Mental health, supporting victims of sexual violence, and post-secondary affordability aren’t just issues on Camosun students’ minds—they’re all areas that new Camosun vice president of student experience Heather Cummings plans on focusing on in her job.
“Those are three hot buttons that I can’t imagine not being responsive to,” she says. “It breaks my heart if a student can’t stay in college because they don’t have the money, and we couldn’t figure out how to get the money; that breaks my heart a little bit because there’s such a social benefit of education.”
Creating the ideal student experience through student retention and making sure students feel like they’re prepared for their future because of their experience at Camosun is key, says Cummings. Student experience also goes hand in hand with academic experience, she says; despite the organizational structure that separates the two, student experience and academic experience “really have to work together,” says Cummings.
“What happens in the classroom translates into what happens in the rest of the institution and vice versa,” says Cummings. “If students aren’t getting supported, not receiving mental health support… They’re working three jobs because they don’t want student loans, or they didn’t qualify, that’s going to impact the learning experience. And our faculty are going to have to be the ones that try and figure that out. I think we’ve got to create that common language between the areas where we’re talking about the same things and we have the same goals.”
Cummings started at Camosun on August 19, taking over from Joan Yates. She says that many of the solutions to problems students may face are already on campus, but sometimes it’s a matter of finding them.
“It’s just a matter of talking to people and figuring out where support needs to be to get those solutions in place,” she says.
As far as the position influencing students in day-to-day life, Cummings says that it’s hard to identify specifics because student experience changes on a student-to-student basis. Cummings says that Camosun has an extremely diverse student population and that she wants to focus on what each individual needs.
“It’s a matter of having a flexible learning environment where every student sees themselves in the halls and the walls and knows that this is their place and that there’s something there to help them,” she says.
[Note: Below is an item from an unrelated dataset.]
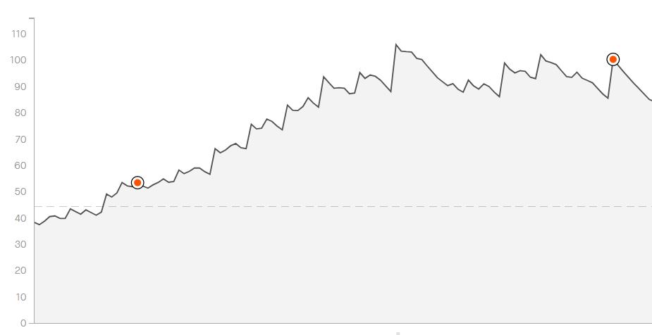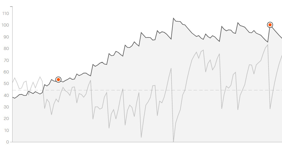 Over the summer months, I prioritized my training and ran five days a week for the 16 weeks (112 days) before the race. My two days off per week were dedicated towards recovery and "prehab" for my acclimating legs. All seven days of the week were useful in inching towards my goal of running a marathon. If we apply the same exponential equation as above, 1.01^112 = ~3. Thus, If I improved 1% as a runner each day I showed up to race-day a three times better runner than when I began. An overall improvement of 3x feels about right, but only as a ballpark estimate. Luckily, Strava Premium has a feature that tracks your fitness level with hard numbers. Let's check out the results...
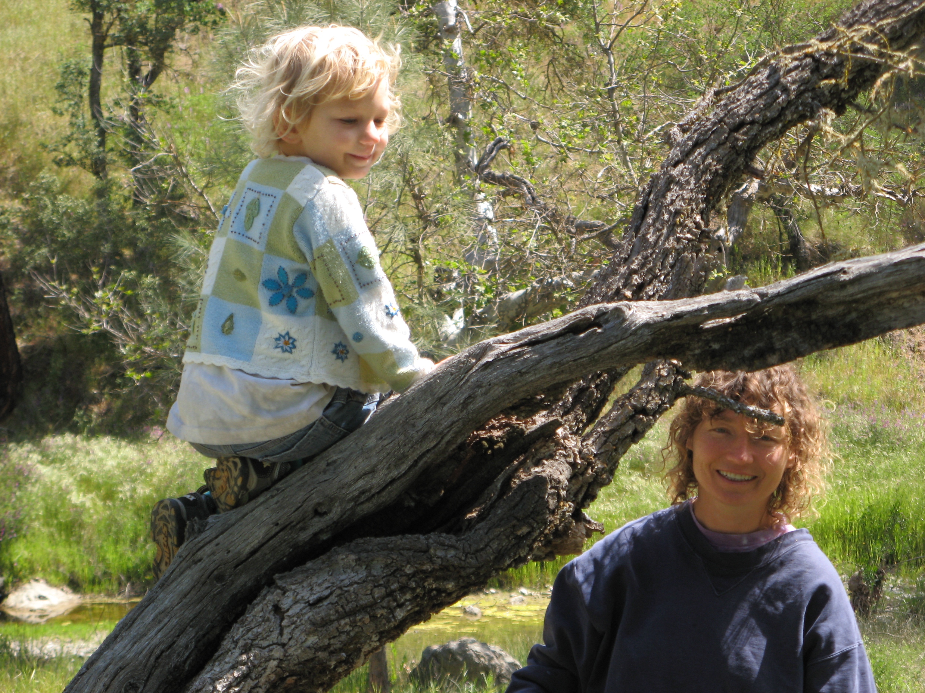 Leilani sang “Dummer kleiner Drache…” (Stupid little dragon) and pretended there was a dragon who was out to get her but couldn’t reach her up on her tree

But part of the reality Cummings is facing is that “we won’t have all the answers, and we won’t have everything,” she says.
“We can help direct students to those community partners that may have the support that we ourselves don’t have,” she says. “I see a lot of attention on community relationships, and getting to know what our students are looking for.”
When it comes to dealing with a diverse student population, Cummings says that it’s key to approach it from a principle of inclusivity so that any student can find the things they need to succeed.
“It shouldn’t be designated services for this population versus designated services for this population,” she says.
Even though there is special attention paid to certain demographics like Indigenous learners and international students, Cummings says, they still have similar needs to other students.
“It’s keeping that principle of inclusivity. I also think we need to be extremely flexible in the way we deliver services, and it’s about the relationship between the staff. My thought is, if the people who are supporting students love what they’re doing, feel like they’re making a contribution, students are going to feel that,” she says. “Happy staff, happy students.”